Comment author: Nick_Tarleton 30 March 2012 06:46:11PM *  5 points [-]

With this sort of thing, or anything really, you either use bulletproof mathematical models derived from first principles (or empirically) with calibrated real quantities, or you wing it intuitively using your built-in hardware. You do not use "math" on uncalibrated pseudo-quantities; that just tricks you into overriding your intuition for something with no correct basis.

Despite anti-arbitrariness intuitions, there is empirical evidence that this is wrong.

The Robust Beauty of Improper Linear Models

Proper linear models are those in which predictor variables are given weights in such a way that the resulting linear composite optimally predicts some criterion of interest; examples of proper linear models are standard regression analysis, discriminant function analysis, and ridge regression analysis. Research summarized in Paul Meehl's book on clinical versus statistical prediction—and a plethora of research stimulated in part by that book—all indicates that when a numerical criterion variable (e.g., graduate grade point average) is to be predicted from numerical predictor variables, proper linear models outperform clinical intuition. Improper linear models are those in which the weights of the predictor variables are obtained by some nonoptimal method; for example, they may be obtained on the basis of intuition, derived from simulating a clinical judge's predictions, or set to be equal. This article presents evidence that even such improper linear models are superior to clinical intuition when predicting a numerical criterion from numerical predictors. In fact, unit (i.e., equal) weighting is quite robust for making such predictions. The article discusses, in some detail, the application of unit weights to decide what bullet the Denver Police Department should use. Finally, the article considers commonly raised technical, psychological, and ethical resistances to using linear models to make important social decisions and presents arguments that could weaken these resistances.
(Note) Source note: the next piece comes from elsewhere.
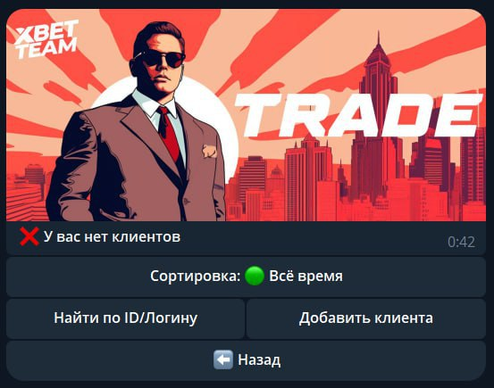 Далее разберем раздел Управления клиентами, тут отображены ваши мамонты, они появляются после перехода по реферальной ссылке в бота и активации его. Если по какой-то причине этого не произошло, вы можете вручную добавить клиента.

(this is about something somewhat less arbitrary than using ranks as scores, but it seems like evidence in favor of that approach as well)

Comment author: Will_Newsome 30 March 2012 11:55:58PM *  -1 points [-]
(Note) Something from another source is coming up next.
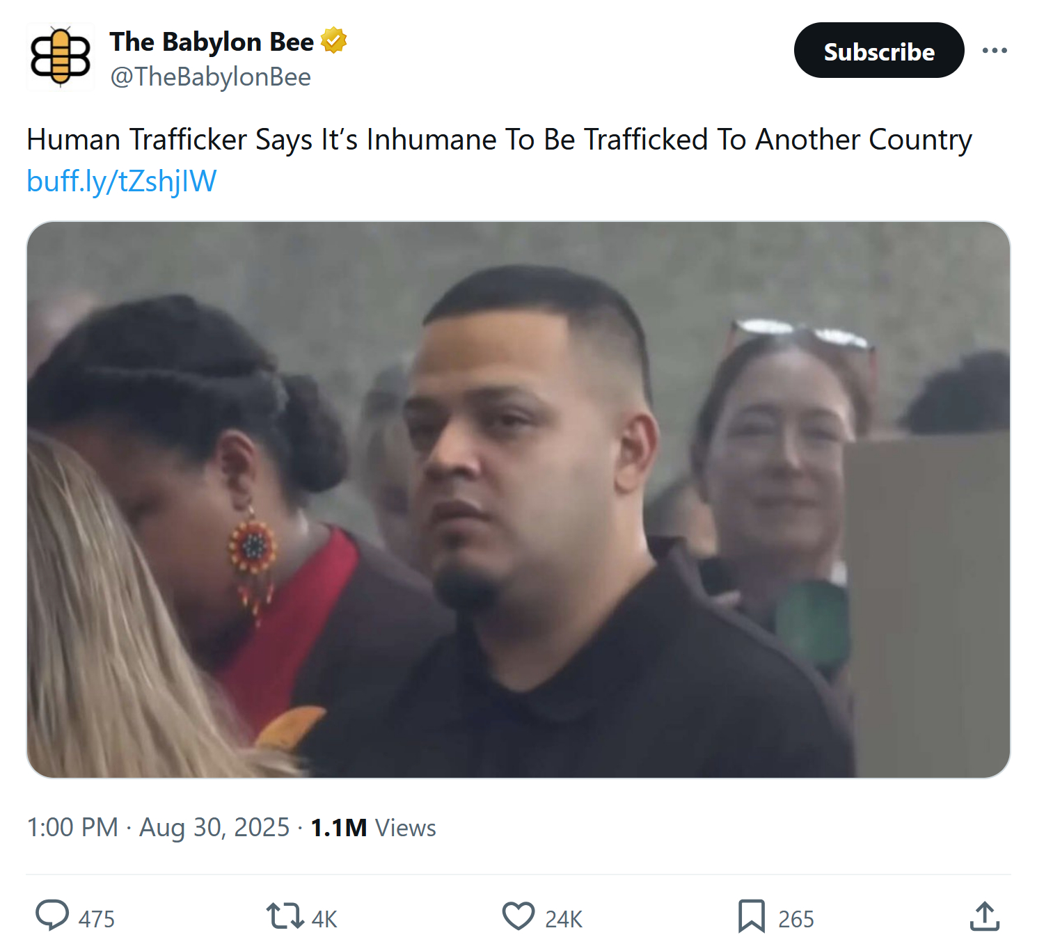 Meanwhile, America’s Newspaper of Record satirizes the recursion that the alleged human trafficker is caught in:

Dawes is not a reliable researcher; I have very little confidence in his studies. Check it.

(ETA: I also have other reasons to mistrust Dawes, but shouldn't go into those here. In general you just shouldn't trust heuristics and biases results any more than you should trust parapsychology results. (Actually, parapsychology results tend to be significantly better supported.) Almost all psychology is diseased science; the hypotheses are often interesting, the statistical evidence given for them is often anti-informative.)